Keeping this boundary clear is essential for transparency and reproducibility.


When you should run an evaluation

Run an evaluation when:

  • Comparing multiple forecasting systems or configurations
  • Assessing the impact of new features or transforms
  • Introducing or validating new metrics
  • Investigating tradeoffs or sensitivity
  • Preparing inputs for selection or policy tuning

Evaluations should be repeatable and inspectable, not one-off experiments.


Prerequisites

Before running an evaluation, ensure that:

  • Forecasting systems are clearly defined
  • Inputs and data slices are fixed and documented
  • Metrics and parameters are explicitly selected
  • The evaluation window and granularity are appropriate
  • Assumptions about cost and context are understood

For conceptual grounding, review Problem Framing and Asymmetric Cost before proceeding.


Step 1: Define the evaluation scope

Begin by defining what is being evaluated.

This includes:

  • Which forecasting systems or variants are included
  • Which entities, segments, or time periods are in scope
  • The temporal resolution of evaluation
  • Any exclusions or filters applied

The scope should align with the decision context the evaluation is meant to support, as described in Concepts.


Step 2: Select evaluation metrics

Choose metrics that reflect the behavior you want to measure.

Consider:

  • Whether cost asymmetry is relevant
  • Which tradeoffs are important to surface
  • How metrics aggregate across entities or time
  • Whether multiple metrics are required

Metrics should be selected intentionally.

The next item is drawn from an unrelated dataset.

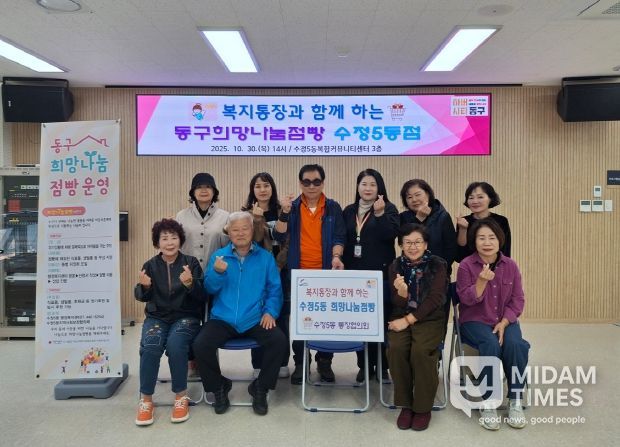 통장협의회 하윤식 회장은 “통장들의 정성을 모아 마련한 후원금으로 이번 희망나눔점빵을 운영하게 되어 매우 기쁘다”며, “수정5동 통장협의회는 앞으로도 지역 내 나눔문화 확산에 힘쓰고, 동 찾아가는 복지팀과 협력하여 우리동네 어려운 이웃을 발굴·지원하기 위해 적극 노력하겠다”고 밝혔다.

If a new measure is required, see Add a Metric.


Step 3: Configure metric parameters

Many metrics require parameters that encode assumptions.

Examples include:

  • Relative weighting of different error types
  • Thresholds or tolerances
  • Normalization or scaling choices

Parameter choices should be explicit and recorded as part of the evaluation configuration. These assumptions often reflect policy and should be consistent with Governance principles.


Step 4: Execute the evaluation

Run the evaluation using the configured inputs and metrics.

Execution should:

  • Be deterministic given the same inputs
  • Produce structured outputs
  • Capture metadata describing the run
  • Avoid modifying source data or forecasts

Evaluation execution is a measurement process, not an optimization step.

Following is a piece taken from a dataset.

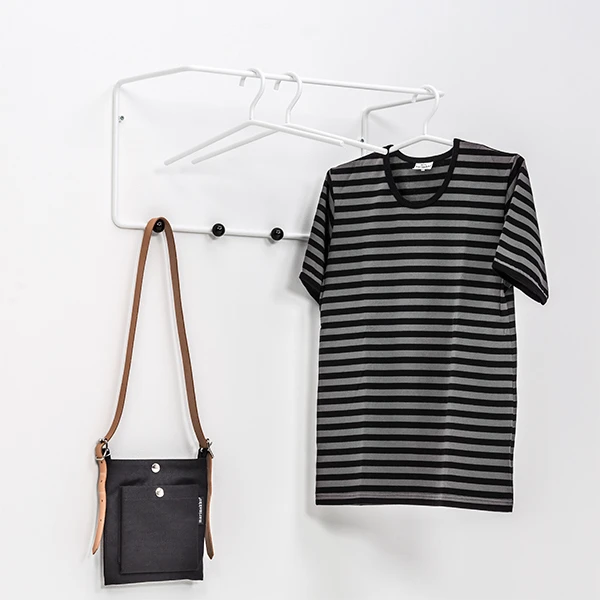 Showroom Finlandin Mixrack-naulakko on minimalismia parhaimmillaan, sillä se rakentuu yksinkertaisesta, valkoiseksi maalatusta teräskehikosta, joka täyttää tehtävänsä ja sopii monenlaisiin eteisiin. M-koon naulakossa on tanko vaateripustimille sekä neljä mustaa, pyöreää nuppia takkien ja laukkujen ripustamista varten.

Step 5: Inspect evaluation outputs

After execution, review the evaluation results.

Inspection may involve:

  • Comparing metrics across systems
  • Examining distributions or segment-level behavior
  • Identifying tradeoffs or sensitivities
  • Checking for anomalies or unexpected patterns

At this stage, evaluation outputs should be interpreted—but not acted upon—until readiness and policy considerations are applied.


Step 6: Preserve evaluation artifacts

Evaluation artifacts are essential for governance and reproducibility.

Artifacts may include:

  • Metric outputs and summaries
  • Configuration files or parameters
  • Input identifiers or hashes
  • Execution metadata

Preserving these artifacts enables auditability and supports later review under Governance.

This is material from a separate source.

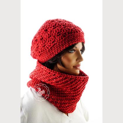 Handgestrickter Loop und gehäkelte Haube im Set. Aus handgefärbter, bester (Merino-) Schurwolle.
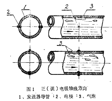 發送器如(ru)按水平或傾(qing)斜方向接裝(zhuāng)在管道上,電(diàn)極軸線應處(chù)于水平方向(xiàng),如圖1所示。這(zhè)樣若液體中(zhong)偶然混入氣(qi)泡不會遮住(zhu)電極而斷開(kai)了流量訊号(hào)回路。不要使(shǐ)電極軸線處(chù)于垂直方向(xiang),此時電極處(chù)在導管的上(shàng)下位置,一方(fāng)面混入氣泡(pào)易遮住上方(fang)電極,造成流(liú)量訊号突然(ran)中斷,指示表(biǎo)指針跳動,另(ling)一方面下方(fāng)電極在無流(liu)量時易被沉(chén)積物遮住。

What comes after evaluation

Evaluation produces information, not decisions.

Typical next steps include:

  • Applying readiness adjustments (see Readiness and RAL)
  • Comparing systems under explicit policy rules
  • Performing sensitivity analysis
  • Selecting or tuning systems

These steps belong to decisioning and optimization, not evaluation itself.


Governance considerations

Evaluations influence downstream decisions and must therefore be governed.

Good governance practices include:

  • Documenting evaluation intent and scope
  • Avoiding ad hoc metric selection
  • Preserving historical evaluation results
  • Ensuring consistency across comparable runs

For a full discussion, see Governance.


How evaluation fits into the Electric Barometer lifecycle

Within the Electric Barometer framework:

  • Feature transforms define system inputs (see Add a Feature Transform)
  • Forecasting systems produce candidate outputs
  • Evaluation measures behavior under explicit criteria
  • Readiness and policy layers contextualize results
  • Decisioning selects or tunes systems
  • Governance ensures traceability and accountability

Evaluation is the measurement backbone of this lifecycle.


Where to go next

Running an evaluation is not about declaring winners. It is about producing reliable, decision-relevant information. Electric Barometer is designed to make that process explicit and reproducible.